(EXERCISE INSTRUCTIONS)
Nothing but the lines from the first line of the records below to the line holding "5、Human Benchm" belongs in the answer, copied exactly and without pictures.

(INPUT DATA)

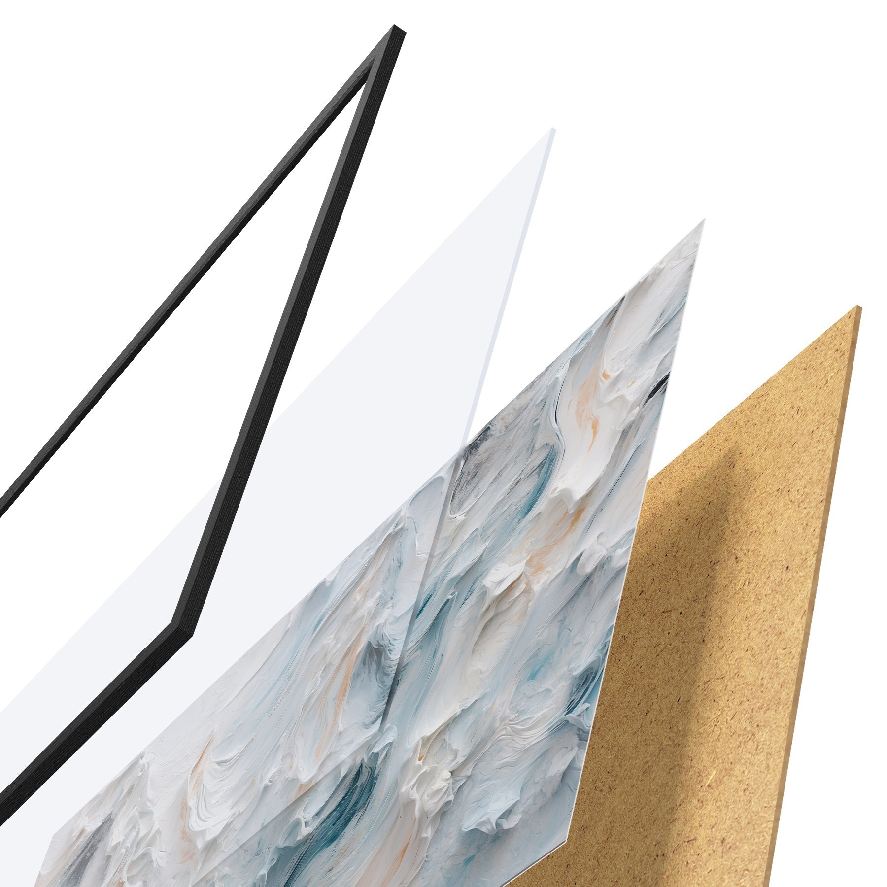 Plakāts sastāv no rāmja, pleksstikla, iespiestā attēla un skaidu plātnes pamatnes. Plakātu var uzreiz piekarināt pie sienas, pateicoties aizmugurē esošajiem stiprinājumiem.
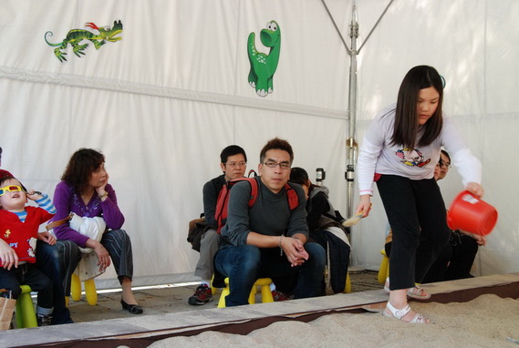 人很多 太陽很大 每個小孩限時玩五分鐘
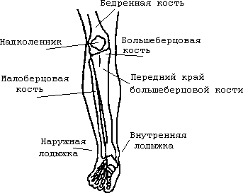 Рис. 5.10. Кости стопы, голени и коленного сустава (вид спереди).
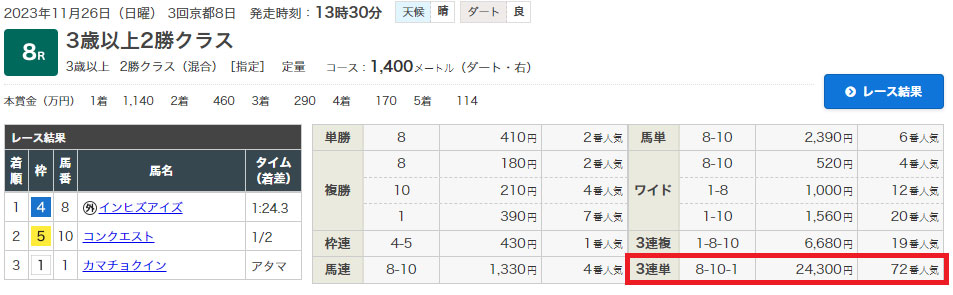 京都12R→294.3倍的中で35万3160円払い戻し!
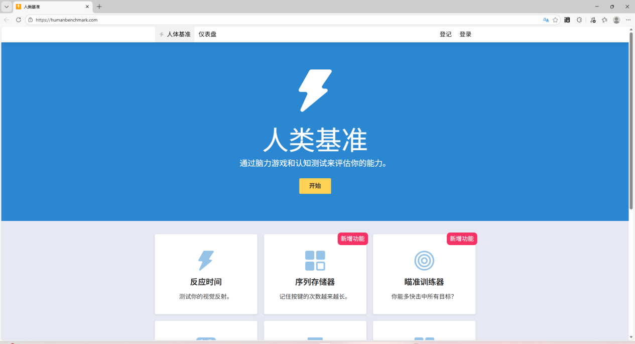 5、Human Benchmark这是一个能测试脑子反应速度和智商的趣味网站,内置反应时间、瞄准训练、视觉记忆、打字测试、黑猩猩测试等多款脑力小游戏,测试过程简单又上头。每一项测试都能精准试探脑力极限,网站还会将测试成绩进行全球排名,让你清晰了解自己的段位,看看与天才的差距。
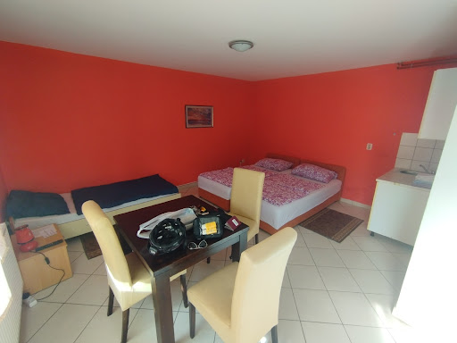 Vrata kupaone se nisu mogla zatvoriti, što je bio problem s obzirom da smo bili miješanih spolova u app. Pipa na lavabou se klimala, tuš kabina je toliko stara i izraubana da je izgledala prljavo, vrat tuš kabine napola razvaljena. Kuhinjica je imala sudoper i to je bilo uglavnom to jer su elementi bili prazni. Dvije šalice i dvije čaše na troje ljudi, bez ikakvog pribora za jelo, kuhala i sl. Frižider smo mogli samo sanjati, tako da smo jogurte, salamu i sl. morali odmah pojesti jer ih nismo imali kamo pohraniti. Kruh se nema s čime narezati jer nema noževa ni daske. Zamolili smo kuhalo za vodu da si bar jutarnju kavu smućkamo i dodatnu šalicu i to smo dobili, ali smatramo da bi takve stvari u app trebale biti pod normalno. Kreveti tvrdi i neudobni. Ne preporučujemo jer ne vrijedi novce koje...
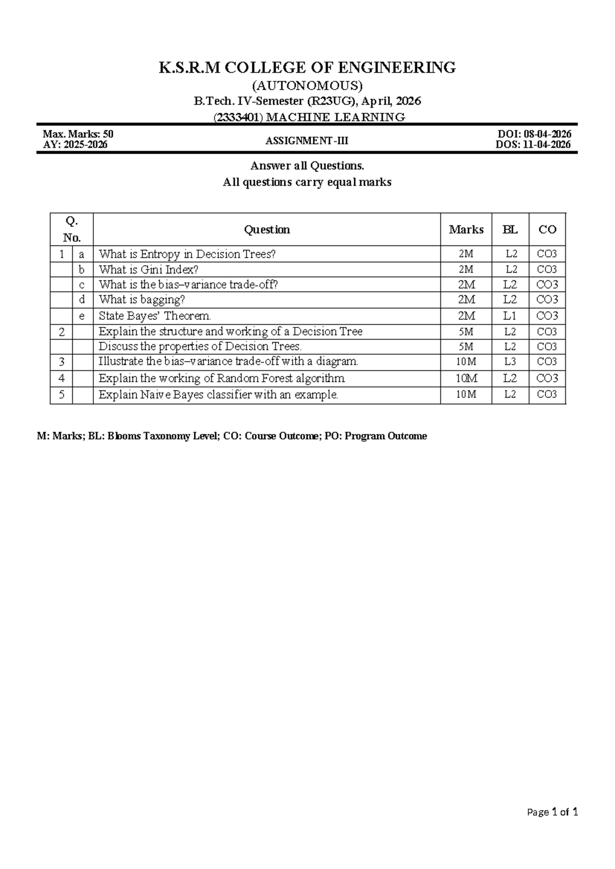Assignment-3: Machine Learning (B.Tech R23UG) - All Questions - Studocu
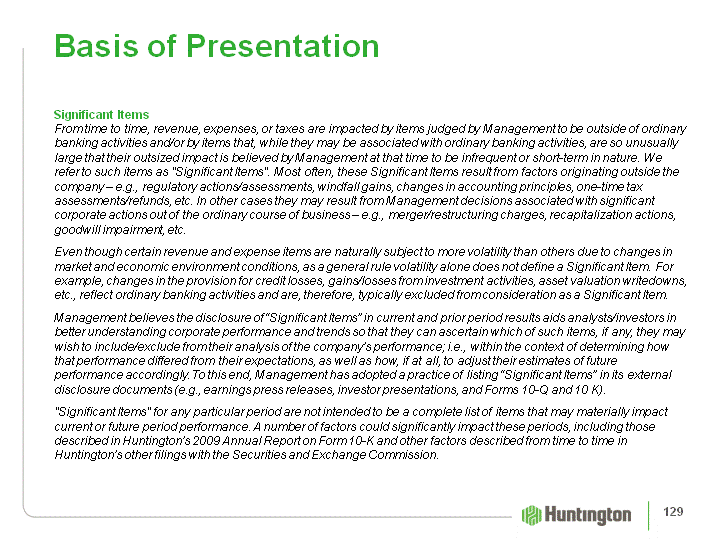 | Basis of Presentation Significant ItemsFrom time to time, revenue, expenses, or taxes are impacted by items judged by Management to be outside of ordinary banking activities and/or by items that, while they may be associated with ordinary banking activities, are so unusually large that their outsized impact is believed by Management at that time to be infrequent or short-term in nature. We refer to such items as "Significant Items". Most often, these Significant Items result from factors originating outside the company - e.g., regulatory actions/assessments, windfall gains, changes in accounting principles, one-time tax assessments/refunds, etc. In other cases they may result from Management decisions associated with significant corporate actions out of the ordinary course of business - e.g., merger/restructuring charges, recapitalization actions, goodwill impairment, etc. Even though certain revenue and expense items are naturally subject to more volatility than others due to changes in market and economic environment conditions, as a general rule volatility alone does not define a Significant Item. For example, changes in the provision for credit losses, gains/losses from investment activities, asset valuation writedowns, etc., reflect ordinary banking activities and are, therefore, typically excluded from consideration as a Significant Item.Management believes the disclosure of "Significant Items" in current and prior period results aids analysts/investors in better understanding corporate performance and trends so that they can ascertain which of such items, if any, they may wish to include/exclude from their analysis of the company's performance; i.e., within the context of determining how that performance differed from their expectations, as well as how, if at all, to adjust their estimates of future performance accordingly. To this end, Management has adopted a practice of listing "Significant Items" in its external disclosure documents (e.g., earnings press releases, investor presentations, and Forms 10-Q and 10 K)."Significant Items" for any particular period are not intended to be a complete list of items that may materially impact current or future period performance. A number of factors could significantly impact these periods, including those described in Huntington's 2009 Annual Report on Form 10-K and other factors described from time to time in Huntington's other filings with the Securities and Exchange Commission. 129 |

(ANSWER FOR THE TASK)
 Plakāts sastāv no rāmja, pleksstikla, iespiestā attēla un skaidu plātnes pamatnes. Plakātu var uzreiz piekarināt pie sienas, pateicoties aizmugurē esošajiem stiprinājumiem.
 人很多 太陽很大 每個小孩限時玩五分鐘
 Рис. 5.10. Кости стопы, голени и коленного сустава (вид спереди).
 京都12R→294.3倍的中で35万3160円払い戻し!
 5、Human Benchmark这是一个能测试脑子反应速度和智商的趣味网站,内置反应时间、瞄准训练、视觉记忆、打字测试、黑猩猩测试等多款脑力小游戏,测试过程简单又上头。每一项测试都能精准试探脑力极限,网站还会将测试成绩进行全球排名,让你清晰了解自己的段位,看看与天才的差距。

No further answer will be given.